Он никак не мог взять в толк, кому понадобилось подставлять его, да еще с подброшенными наркотиками. Конечно, ни о какой проверке здесь и речи быть не могло. Может быть, его просто с кем-то перепутали? Если это так — он сам себе навредил, не рассказав правды. Но если это все-таки проверка? Нет, рисковать он не имеет права ни в коем случае! Будь что будет! Савелий криво улыбнулся: теперь у него будет возможность сравнить российскую тюрьму с американской. Слабоватое, однако, утешение…

— Что ж, благодарю за службу: классно ты его раскрутил, Лео! — Комиссар покровительственно похлопал сержанта по плечу. — Теперь, если он судье заявит, что не помнит своего имени, а дежурит сегодня судья Хардворд, который любое неосторожное слово считает неуважением к суду,

— усмехнулся и хитро прищурился Уайт, — эта путаница ему дорого обойдется! И я буду очень удивлен, если судья не отправит его за решетку уже только за одно это! Отличная работа, парни? Далее я уж сам продумаю, как с ним поступить. Ну что так долго за ним не идут?

— Так за ним уже приходили: я и должен его отвести! — виновато бросил Рауль.

— Так веди! Не хватало, чтобы Хардворд и тебя зацепил в придачу. Полюбезнее с ним!

— Слушаюсь, Комиссар!

Когда Савелия ввели в комнату дежурного судьи, тот допрашивал человека, задержанного за неправильную парковку. Быстро пробежав глазами протокол, судья Хардворд убедился, что в остальном его клиент перед законом чист, и вынес постановление: штраф — двести пятьдесят долларов.

— Следующий!

— Сержант Стрингфельд, ваша честь! — пробасил сержант, протягивая судье протокол допроса и две объяснительные.

— Почему только сейчас подаете документы? — строго спросил Хардворд.

— Извините, ваша честь: не хотел отрывать вас от работы, — льстиво и чуть виновато ответил коп.

У судьи Хардворда было хорошее настроение. Он было хотел наказать этого нерасторопного верзилу, но тот смотрел так преданно… И судья милостиво процедил:

— В следующий раз не принесете документы до начала заседания — не приму. Будете дожидаться следующего дня!

— Да, ваша честь!

— В чем обвиняется… этот, как его?

— Кларк Рембрандт, ваша честь!

— А почему не Кларк Пикассо? — с усмешкой съязвил Хардворд, но тут же стер улыбку с лица. — Здесь нет документов о личности задержанного.

— Простите, ваша честь, но в протоколе указано: он отказывается говорить, где…

— Это мне и без вас ясно: читать я умею! — оборвал судья. — Как это он ни разу не задерживался?

— Ни разу, ваша честь! — пожал плечами сержант.

— Очень интересно! — Судья Хардворд повернулся к Савелию: — Задержанный, почему вы отказались подписать протокол допроса?

— Так я не знаю, кто я.

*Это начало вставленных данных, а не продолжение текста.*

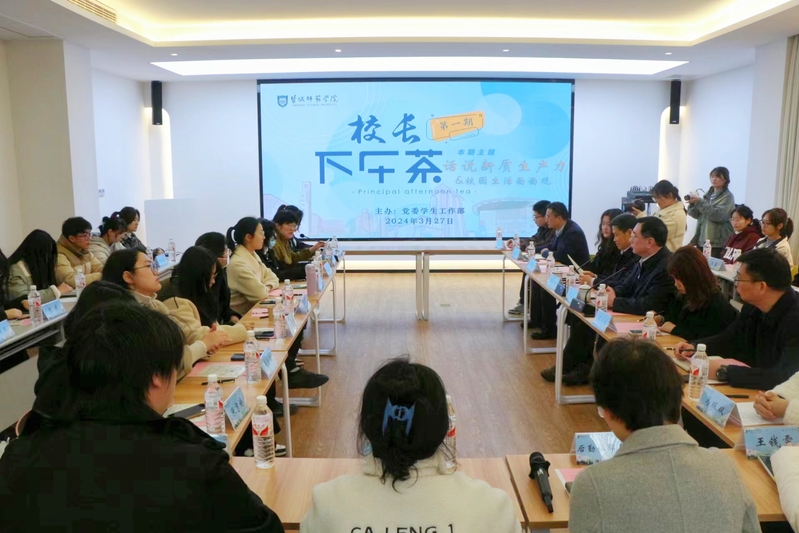 3月27日下午,学校在新长校区学工楼二楼“悦空间”举办以“话说新质生产力&校园生活面面观”为主题的本学期首期“校长下午茶”活动。学校党委副书记、校长张宏如,党委常委、副校长庞波出席活动,学生工作部部长、学生工作处处长李健明主持活动。

Как я могу подписываться? — пояснил Савелий.

— Вы хотите сказать, что ваша фамилия не Рембрандт?

— Не знаю, сэр! — с глуповатой улыбкой ответил Савелий.

— Не сэр, а господин судья или ваша честь. Так обращаются ко мне, судье Хардворду!

— Хорошо, господин судья! — Савелий безропотно кивнул и повторил еще раз: — Я не знаю, господин судья!

— Почему вы отказались от адвоката? — Настроение у судьи падало. Этот парень явно водил его за нос.

— А зачем он мне, если я ни в чем не виноват, господин судья? — Савелий снова чуть улыбнулся в знак искренности, но именно эта улыбка и вывела Хардворда из себя.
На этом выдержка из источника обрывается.